Idk if it would help. But you can give it a try.

anuragkdi commented 6 months ago

so i have scaled down store gateway to 1 right now to bypass if any bug in the ring propagation - It seems its loading the blocks and i don't see the errors - i will let the store gateway finish loading the blocks and share results here

anuragkdi commented 6 months ago

okay so below are the findings which should make things clear:

1) I could see metrics > 12 hours when a single store gateway was loading the blocks. 2) Unfortunately, due to max cpu utilization, the store gateway restarted . Below are the restart logs (we see not loading tokens from file, tokens file path is empty" )
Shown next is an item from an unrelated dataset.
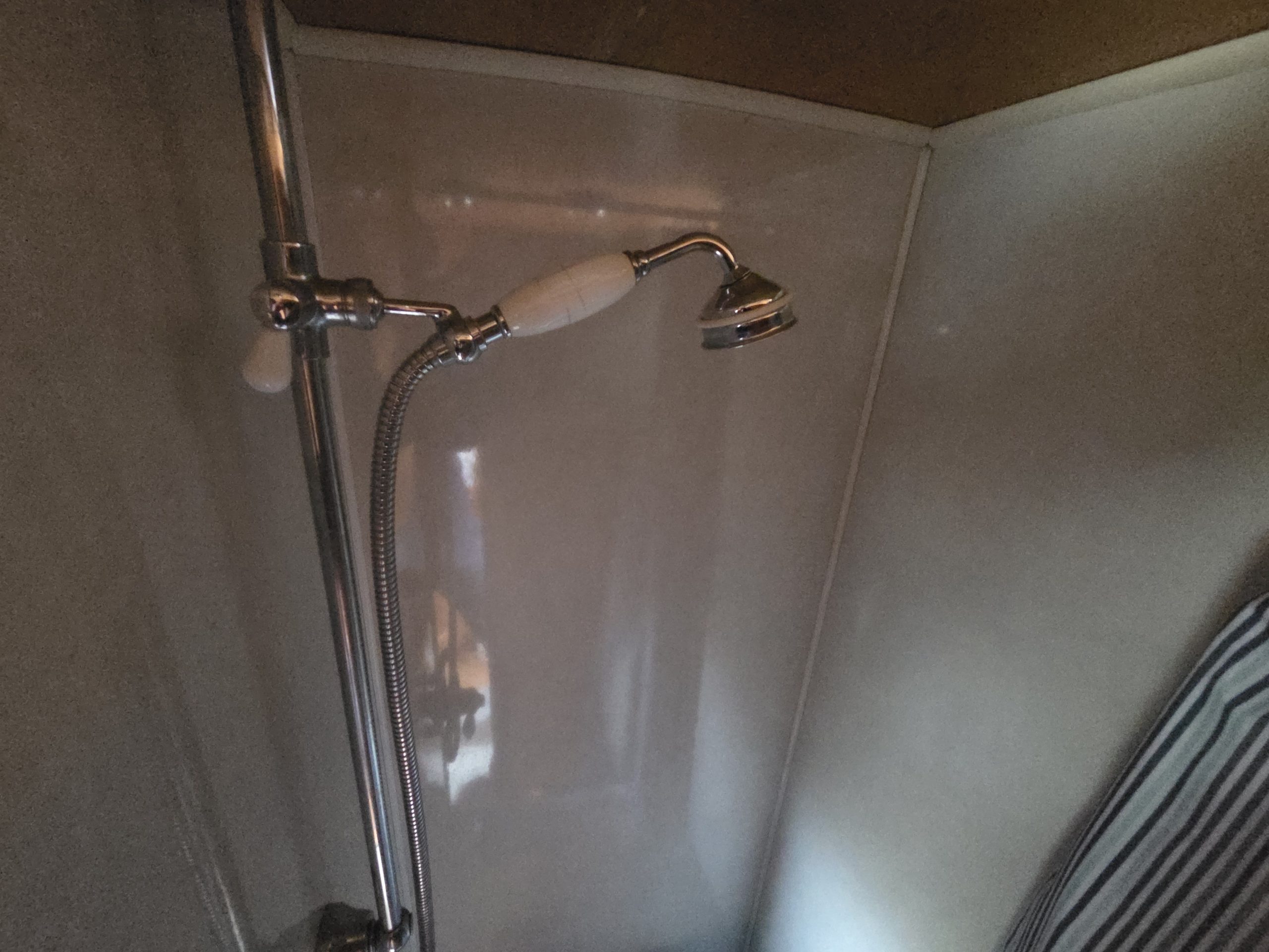 Bathroom: Thetford Pump Out toilet, corner cupboard, sink, heated towel rail, enclosed shower, unused Porta Potti.

level=info ts=2024-02-29T08:34:57.403415617Z caller=module_service.go:64 msg=initialising module=server
level=info ts=2024-02-29T08:34:57.403468083Z caller=module_service.go:64 msg=initialising module=memberlist-kv
level=info ts=2024-02-29T08:34:57.403498101Z caller=module_service.go:64 msg=initialising module=runtime-config
level=info ts=2024-02-29T08:34:57.404603714Z caller=module_service.go:64 msg=initialising module=store-gateway
level=info ts=2024-02-29T08:34:57.404845938Z caller=basic_lifecycler.go:251 msg="instance found in the ring" instance=cortex-store-gateway-0 ring=store-gateway state=ACTIVE tokens=512 registered_at="2024-02-28 11:58:15 +0000 UTC"
level=info ts=2024-02-29T08:34:57.404876496Z caller=basic_lifecycler_delegates.go:63 msg="not loading tokens from file, tokens file path is empty"
level=info ts=2024-02-29T08:34:57.40503789Z caller=gateway.go:230 msg="waiting until store-gateway is JOINING in the ring"
level=info ts=2024-02-29T08:34:58.269324832Z caller=memberlist_client.go:497 msg="joined memberlist cluster" reached_nodes=43
level=info ts=2024-02-29T08:35:12.736728922Z caller=gateway.go:234 msg="store-gateway is JOINING in the ring"
level=info ts=2024-02-29T08:35:12.736775039Z caller=gateway.go:244 msg="waiting until store-gateway ring topology is stable" min_waiting=1m0s max_waiting=5m0s

3) When the store gateway comes alive after the restart, we see inconsistent ring tokens information in the logs

Actions and suggestions:

1) I have now set the 'store-gateway.sharding-ring.tokens-file-path': '/data/tokens', 2) Will upgrade AKS to configure new nodes with higher spec 3) Does the new cortex version support no resync in store gateway if it restarts according to this fix : https://github.com/cortexproject/cortex/pull/5363

anuragkdi commented 6 months ago

after setting the token path - the store gateway (after restarts due to high cpu) is still showing me the error inconsistent ring tokens information

level=warn ts=2024-02-29T11:14:09.916716249Z caller=sharding_strategy.go:140 msg="failed to check block owner and block has been excluded because was not previously loaded" block=01HJNWQ1EGCHYJ6VKZQWHZ44KT err="inconsistent ring tokens information"
level=info ts=2024-02-29T11:15:20.478908396Z caller=bucket_stores.go:151 msg="successfully synchronized TSDB blocks for all users"
level=info ts=2024-02-29T11:15:20.479090568Z caller=gateway.go:271 msg="waiting until store-gateway is ACTIVE in the ring"
level=info ts=2024-02-29T11:15:20.598497927Z caller=gateway.go:275 msg="store-gateway is ACTIVE in the ring"
level=info ts=2024-02-29T11:15:20.59856337Z caller=cortex.go:436 msg="Cortex started"
anuragkdi commented 6 months ago

btw got it resolved by scheduling the store gateway pods on a higher spec node in AKS and allowed the resync to happen successfully (it restarted few times but continued the resync) for the 1st store gateway pod - gradually scaled up the store gateway thereafter.